С благородным обществом я познакомился посредством школы. Наука вообще ровно ничего и никогда не значила в моей жизни, в образовании моих взглядов; поэтому-то я до сих пор не говорил о ней ровно ни одного слова, хотя и учился. Сначала матушка отдавала меня к разным доморощенным учителям: старушкам, которые сами не знали ни аза в глаза, но были очень добры; к дьячкам, «набившим руку» в учении мальчуганов за целковый в год. Ученья тут не было никакого, а было усмирение бунтовавших мальчуганов, дранье и, как результат всего этого, – возможность учителю прокормиться. Таким образом, в первые годы моего детства воза, нагруженные редькой, капустой, свеклой, аккуратно доставлялись матушкой к тем или другим наставникам. Лучше всех из числа этих учителей был вдовый дьякон. Во хмелю он был тих (а хмелен был он часто) и в это время плакал, рыдал об умершей жене, сочинял грустные, слезные стихи в память ее и читал их нам. Во время этих рыданий была полная свобода, а главное – почти все мы любили этого дьякона. Случай заставил его прекратить школу. Напротив его дома жил с старухой матерью какой-то отставной гимназист лет двадцати, проводя время как бог пошлет и пробавляясь кое-как. Он однажды, в припадке той неопределенной и мучительной тоски, которая знакома только обывателям нашей стороны, когда не знаешь, куда деться, в воду или петлю, в такую-то минуту он однажды зарядил хорошим дробиным зарядом пистолет и выпалил им прямо в школу. Несколько книг было изодрано дробью, пробита аспидная доска, которую держал какой-то мальчуган, размозжены стекла в рамах и все перепуганы. Никто после этого не хотел отдавать сюда своих детей, и школа закрылась. Я некоторое время ни о каких науках не думал; но потом матушка, верная завету моего отца – «вывести меня на настоящую дорогу», задумала продолжать учение и направила воза с овощью к начальству уездного училища. Но, одумавшись и разочтя, что овощь равно необходима и начальству средних и высших учебных заведений, как и начальству низших, направила воза в гимназию, куда я и поступил, выдержав экзамен, во время которого я чувствовал, что овощи действительно получены экзаминаторами в исправности и в почтенном количестве.
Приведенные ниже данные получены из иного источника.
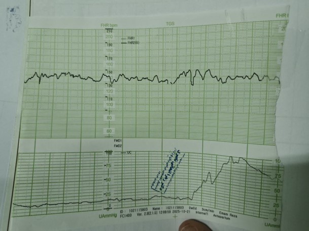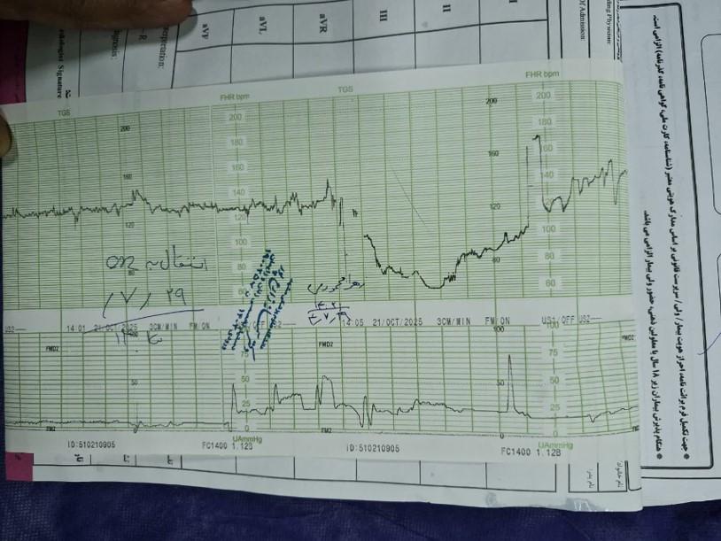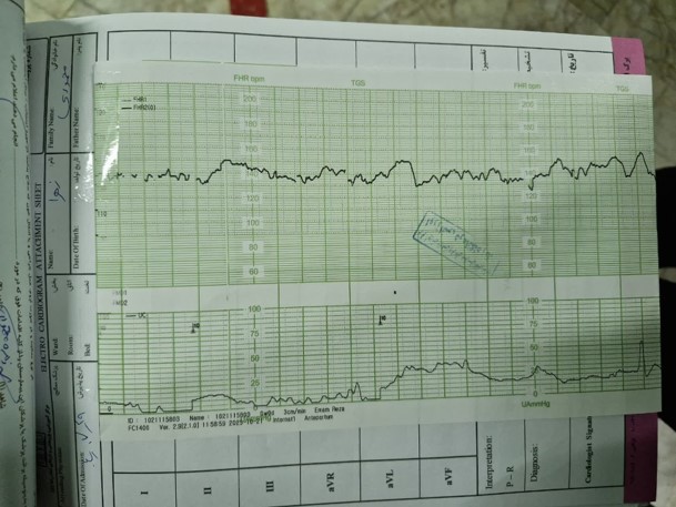 با سن حاملگی 37 هفته و 3 روز شکایت از درد زایمان و احساس کاهش حرکات جنین از شب قبل مراجعه کرده است.

Уличный авторитет мой был в то время настолько велик, что, идя с матушкой в гимназию, я чувствовал, что делаю и ей и этому каменному желтому зданию большое одолжение и снисхождение. Я лишаю себя нескольких часов в день общества своих друзей, чтоб из деликатности, из доброты моей проскучать у вас там, в каменном доме, на задней лавке, часов пять-шесть. Задняя скамейка, или так называемая «Камчатка», была отведена мне с первых шагов моих на поприще науки. Учителя меня не беспокоили. Это самое лучшее, что они для меня могли сделать: иначе бы они воспитали во мне чувство злобы, какой я до сих пор не знал. Они, должно быть, видели, что лучше меня не трогать и не расшевеливать, ибо я был не ученик, а человек.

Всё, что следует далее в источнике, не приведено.